Databases, Object Stores, and CDNs: Size-aware policies and metadata-optimized cache layouts prevent bottlenecks from large, infrequently accessed blobs and enable efficient data integrity checking with minimal overhead (Einziger et al., 2021, Heidari et al., 26 Jul 2024).
LLM Inference: Token-level, model-level, and system-level KVC optimizations are central to scaling context lengths to 128K+ tokens in models ranging from Llama-2 to Mixtral, and to enabling multi-turn conversational systems without catastrophic forgetting (Li et al., 27 Dec 2024, Liu et al., 21 May 2025).
Multi-GPU/Node and MoE Architectures: Expert-sharded, routed, and compressed KVC design as in PiKV allows inference at unprecedented context and model scales (Liu et al., 2 Aug 2025).
Benchmarking: Datasets such as LongBench, InfiniteBench, NeedleBench, and others drive evaluation, with detailed taxonomy work situating new methods in the broader ecosystem (Li et al., 27 Dec 2024).

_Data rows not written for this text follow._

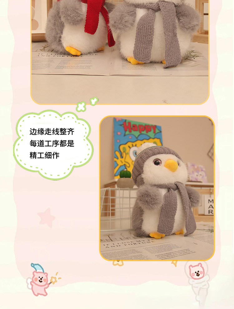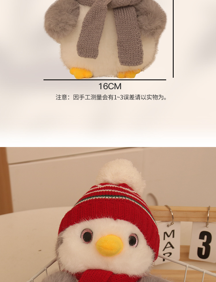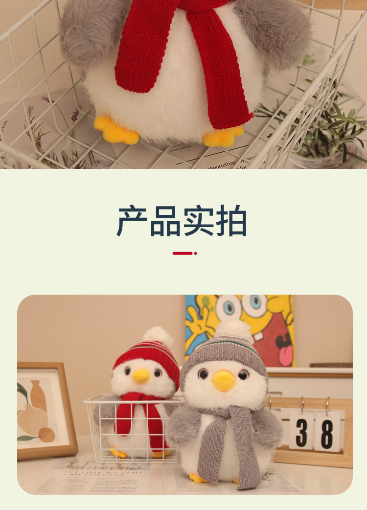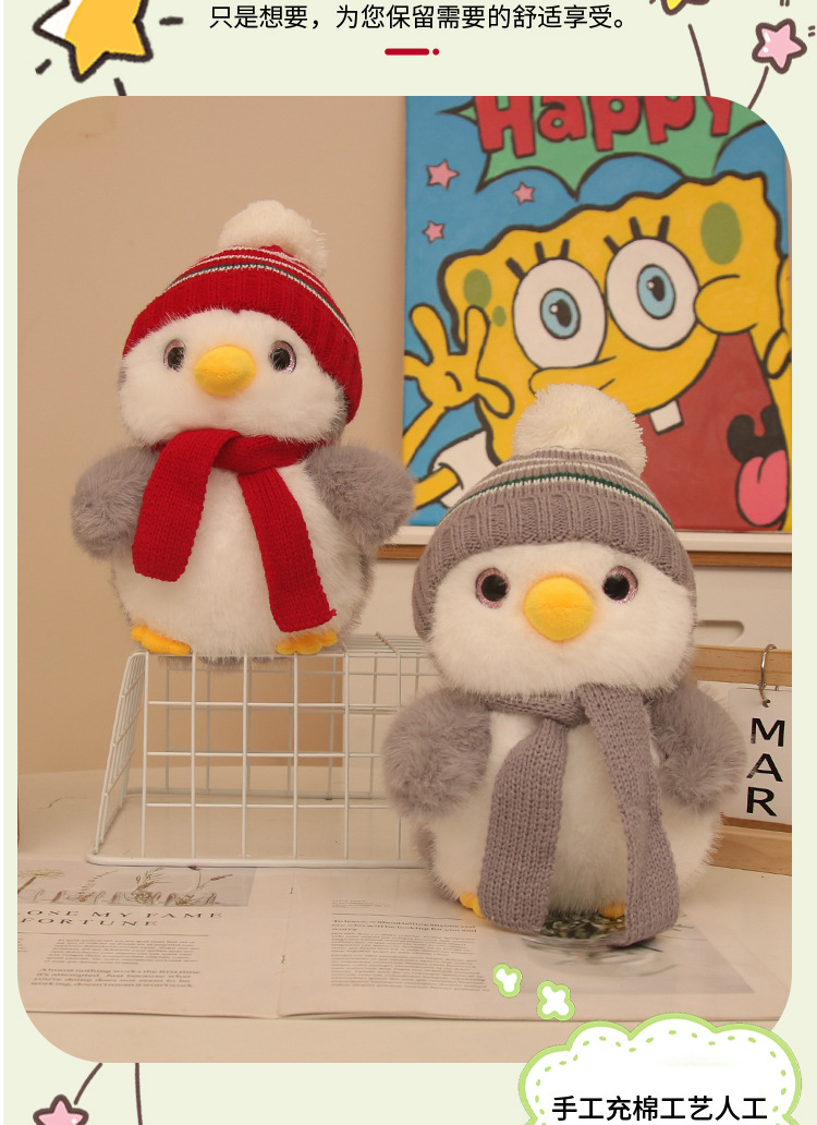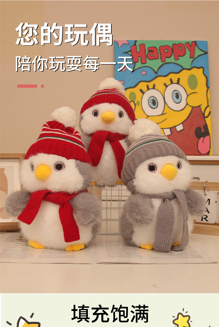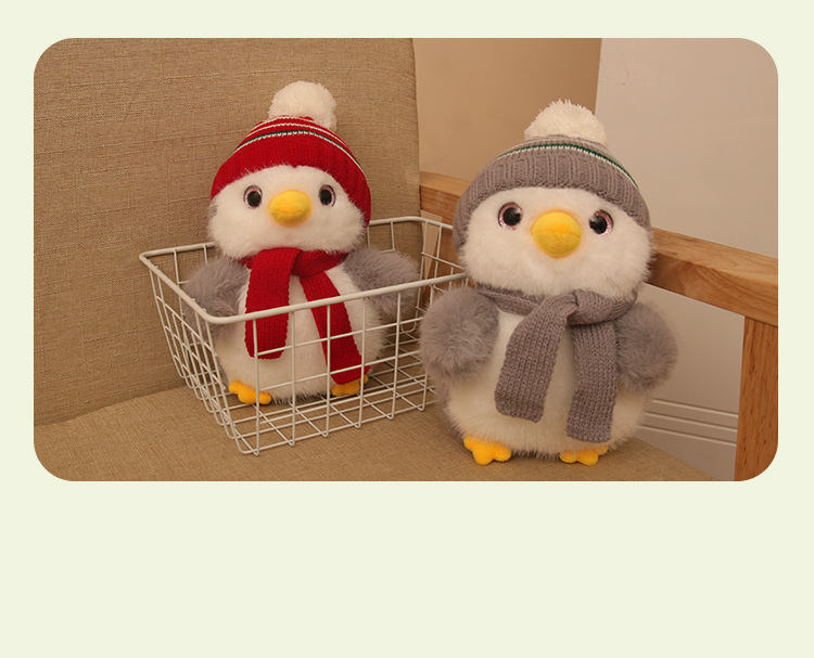 Nuevo invierno con sombrero pingüino peluche muñeca pingüino para enviar amigos para acompañar linda bufanda muñeca pingüino
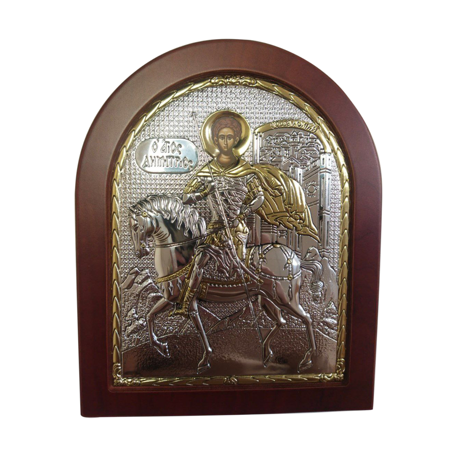Икона из серебра с позолотой и эмалью "Святой Дмитрий" в деревянной рамке - 1789060
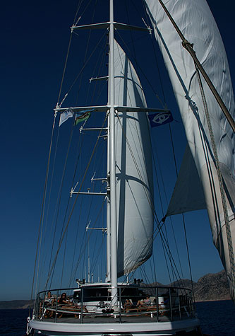 Mid-afternoon, as the breeze freshened, we cast lines and set sail to the southwest. We had a perfect angle on the wind, so we were able to hoist the sails and turn off the engines for several hours.
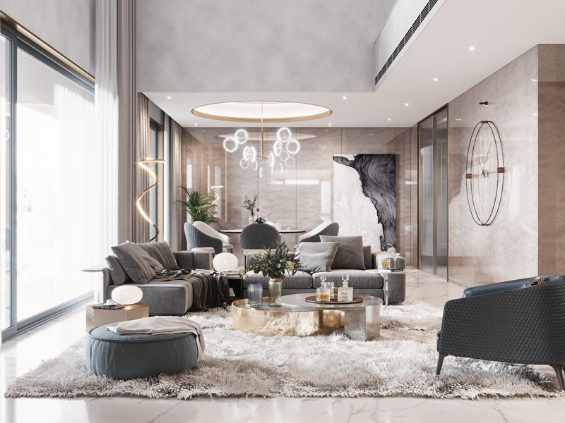 本案例风格定位于现代轻奢风,丰富饱满的空间呈现给人温馨舒适之感,营造出时尚精致的居所氛围。
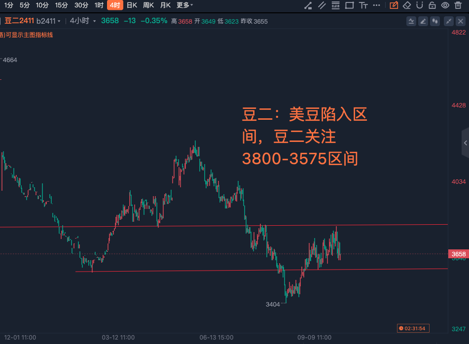 豆二:美豆陷入区间,豆二关注3800-3575区间
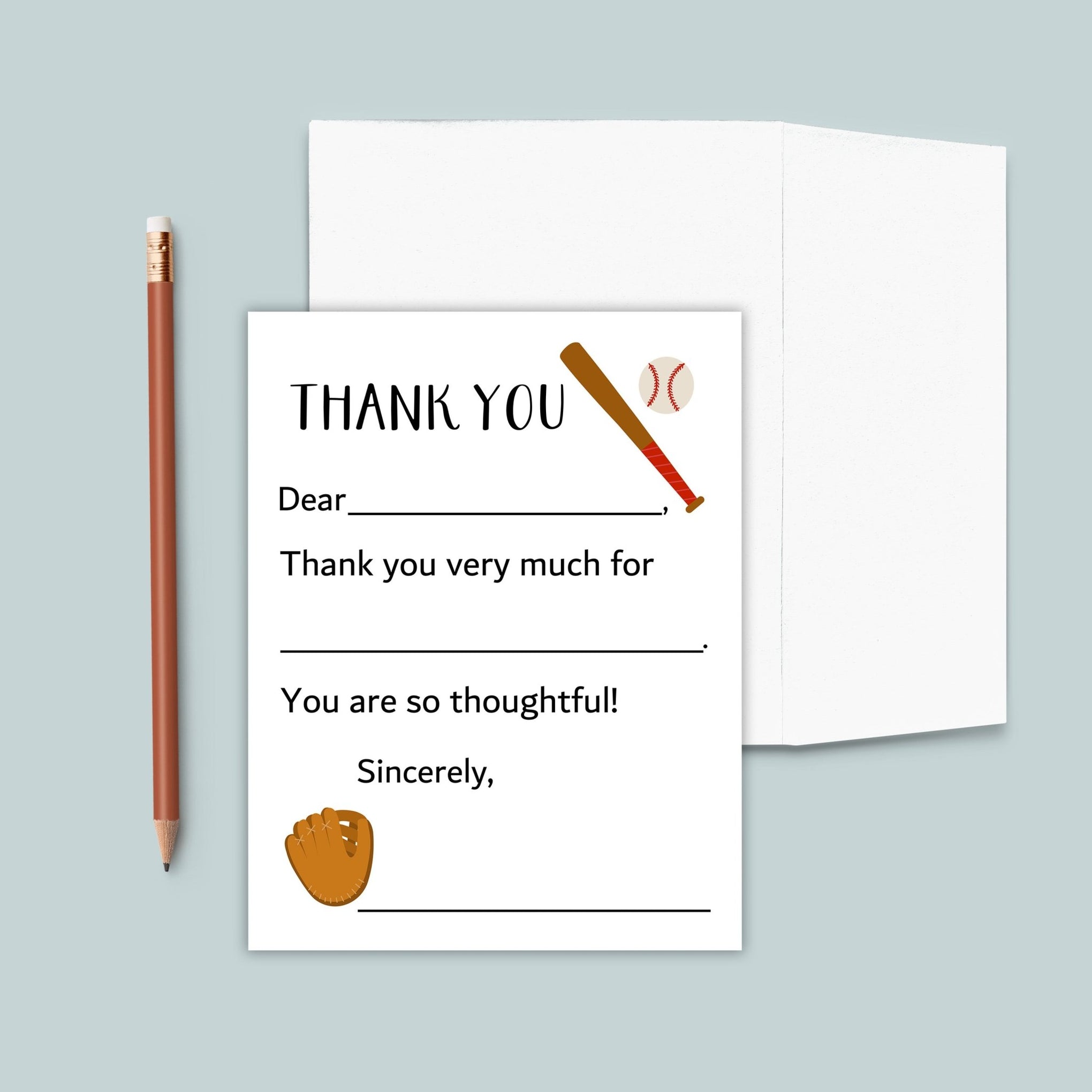 A sporty baseball design featuring simple fill-in-the-blank prompts that make writing thank you notes easy and fun for young children. These fill-in templates help little ones express gratitude with guided sentence starters perfect for birthdays, holidays, and special occasions.
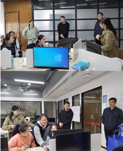 上海市第十届“星光计划”技能大赛——会计技能、财务数据处理与分析项目开赛在即, 4月24日上午,我校副校长金南辉,教务处主任朱晓将、 财经商贸教学部主任胡海梅来到崇文楼6楼看望集训队的指导老师和参赛学生。
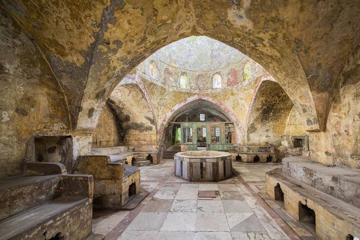 Hammamy w świecie islamu były często fundowane przez władców i bogato zdobione. Na zdjęciu po prawej stronie widać charakterystyczne półkoliste sklepienie z otworami do odprowadzania pary wodnej. Od lewej: Hammam Al-Nouri, Liban; Sultan Amir Ahmad Hammam, Kashan, Iran; Cagaloglu Hammam, Stambuł.

7. Future Directions and Open Challenges

Several trends and research challenges continue to shape the KVC management landscape:

Dynamic, Relational Selection: Propagation-based, graph neural network–inspired retention continues to evolve (see GraphKV (Li et al., 30 Aug 2025)).
Hierarchical, Hotness-Aware Caching: System-level KVC managers will increasingly use hotness-driven tiered storage, supporting efficient, workload-aware index structures (Zhu et al., 28 May 2025).
Zero-Perturbation Compression: ZIP-Merging and voting-based consistency signals (as in KeepKV (Tian et al., 14 Apr 2025)) are likely to become standard to eliminate hallucinations and attention inconsistency under heavy compression.
Efficient MoE and Grouped Architectures: Ongoing work in expert-sharded pooling, adaptive routing, and compression-aware scheduling (PiKV (Liu et al., 2 Aug 2025)) is foundational for multi-expert LLM deployments.
Cross-Device and Real-Time Adaptation: The co-design of compression, retrieval, and memory management at the hardware- and system-software boundary will see increasing focus as model sizes and batch sizes outpace current memory and bandwidth limits.
Benchmarks, Standardization, and Reproducibility: As the space matures, continued work in standardized evaluation (as in (Li et al., 27 Dec 2024)) and open-source implementations (Many authors, e.g., EasyKV, CAKE, PiKV) will play a central role in guiding adoption and future research.

KVC management, at the intersection of algorithm design, systems engineering, and AI modeling, remains foundational for scaling both data infrastructure and large-scale LLMs.